## TASK INPUT
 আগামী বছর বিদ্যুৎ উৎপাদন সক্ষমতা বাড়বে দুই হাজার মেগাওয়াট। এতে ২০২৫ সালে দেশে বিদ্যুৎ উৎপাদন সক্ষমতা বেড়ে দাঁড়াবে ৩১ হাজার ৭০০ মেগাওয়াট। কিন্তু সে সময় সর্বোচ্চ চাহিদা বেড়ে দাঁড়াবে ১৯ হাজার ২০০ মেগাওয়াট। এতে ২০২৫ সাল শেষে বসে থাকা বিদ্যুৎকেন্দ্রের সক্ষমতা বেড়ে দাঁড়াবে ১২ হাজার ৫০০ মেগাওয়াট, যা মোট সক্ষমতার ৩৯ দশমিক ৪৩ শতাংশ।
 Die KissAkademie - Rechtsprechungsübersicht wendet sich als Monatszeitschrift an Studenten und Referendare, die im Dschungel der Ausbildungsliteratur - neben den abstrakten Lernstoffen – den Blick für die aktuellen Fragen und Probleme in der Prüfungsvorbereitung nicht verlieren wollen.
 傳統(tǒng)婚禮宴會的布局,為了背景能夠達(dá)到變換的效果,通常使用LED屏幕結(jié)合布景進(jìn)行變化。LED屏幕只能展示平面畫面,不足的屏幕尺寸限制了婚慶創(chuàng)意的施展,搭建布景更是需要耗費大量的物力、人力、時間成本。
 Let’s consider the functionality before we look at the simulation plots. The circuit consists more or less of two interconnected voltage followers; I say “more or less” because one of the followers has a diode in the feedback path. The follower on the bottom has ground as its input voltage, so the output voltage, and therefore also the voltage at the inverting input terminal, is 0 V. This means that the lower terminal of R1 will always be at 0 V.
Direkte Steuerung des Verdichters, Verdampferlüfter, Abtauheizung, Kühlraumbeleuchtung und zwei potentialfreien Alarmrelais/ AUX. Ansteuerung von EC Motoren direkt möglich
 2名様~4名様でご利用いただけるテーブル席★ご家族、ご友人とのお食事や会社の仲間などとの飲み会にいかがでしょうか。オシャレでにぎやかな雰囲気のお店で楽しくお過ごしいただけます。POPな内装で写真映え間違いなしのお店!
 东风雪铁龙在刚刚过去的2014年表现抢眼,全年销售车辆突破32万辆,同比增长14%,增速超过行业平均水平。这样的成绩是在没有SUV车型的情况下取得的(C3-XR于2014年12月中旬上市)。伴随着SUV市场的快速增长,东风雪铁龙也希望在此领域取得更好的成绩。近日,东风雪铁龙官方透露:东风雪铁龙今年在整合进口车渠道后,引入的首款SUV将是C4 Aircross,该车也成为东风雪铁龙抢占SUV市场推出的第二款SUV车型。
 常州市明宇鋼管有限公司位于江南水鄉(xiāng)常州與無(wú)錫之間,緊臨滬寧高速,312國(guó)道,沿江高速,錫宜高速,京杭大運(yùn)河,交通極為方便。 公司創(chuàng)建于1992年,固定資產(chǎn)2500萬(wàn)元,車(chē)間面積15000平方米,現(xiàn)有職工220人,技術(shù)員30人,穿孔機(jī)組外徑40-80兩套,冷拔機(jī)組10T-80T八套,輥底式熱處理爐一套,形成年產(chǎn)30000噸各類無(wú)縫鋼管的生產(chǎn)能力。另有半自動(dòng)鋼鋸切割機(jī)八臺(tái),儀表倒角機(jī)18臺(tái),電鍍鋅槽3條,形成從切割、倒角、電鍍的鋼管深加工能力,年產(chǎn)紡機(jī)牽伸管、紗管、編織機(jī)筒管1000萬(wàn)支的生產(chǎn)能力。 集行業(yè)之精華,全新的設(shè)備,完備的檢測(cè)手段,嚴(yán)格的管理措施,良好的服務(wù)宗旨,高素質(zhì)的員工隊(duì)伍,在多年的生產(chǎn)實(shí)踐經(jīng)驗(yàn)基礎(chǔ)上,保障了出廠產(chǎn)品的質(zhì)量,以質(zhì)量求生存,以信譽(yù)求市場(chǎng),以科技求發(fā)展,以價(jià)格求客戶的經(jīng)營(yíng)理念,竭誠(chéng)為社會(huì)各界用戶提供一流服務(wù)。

## PROMPT
Set down, from the entries above, exactly the lines from the one with "Let’s consider the" up to and including the one with "东风雪铁龙在刚刚过去的201", and no other lines.

## YOUR SOLUTION
 Let’s consider the functionality before we look at the simulation plots. The circuit consists more or less of two interconnected voltage followers; I say “more or less” because one of the followers has a diode in the feedback path. The follower on the bottom has ground as its input voltage, so the output voltage, and therefore also the voltage at the inverting input terminal, is 0 V. This means that the lower terminal of R1 will always be at 0 V.
Direkte Steuerung des Verdichters, Verdampferlüfter, Abtauheizung, Kühlraumbeleuchtung und zwei potentialfreien Alarmrelais/ AUX. Ansteuerung von EC Motoren direkt möglich
 2名様~4名様でご利用いただけるテーブル席★ご家族、ご友人とのお食事や会社の仲間などとの飲み会にいかがでしょうか。オシャレでにぎやかな雰囲気のお店で楽しくお過ごしいただけます。POPな内装で写真映え間違いなしのお店!
 东风雪铁龙在刚刚过去的2014年表现抢眼,全年销售车辆突破32万辆,同比增长14%,增速超过行业平均水平。这样的成绩是在没有SUV车型的情况下取得的(C3-XR于2014年12月中旬上市)。伴随着SUV市场的快速增长,东风雪铁龙也希望在此领域取得更好的成绩。近日,东风雪铁龙官方透露:东风雪铁龙今年在整合进口车渠道后,引入的首款SUV将是C4 Aircross,该车也成为东风雪铁龙抢占SUV市场推出的第二款SUV车型。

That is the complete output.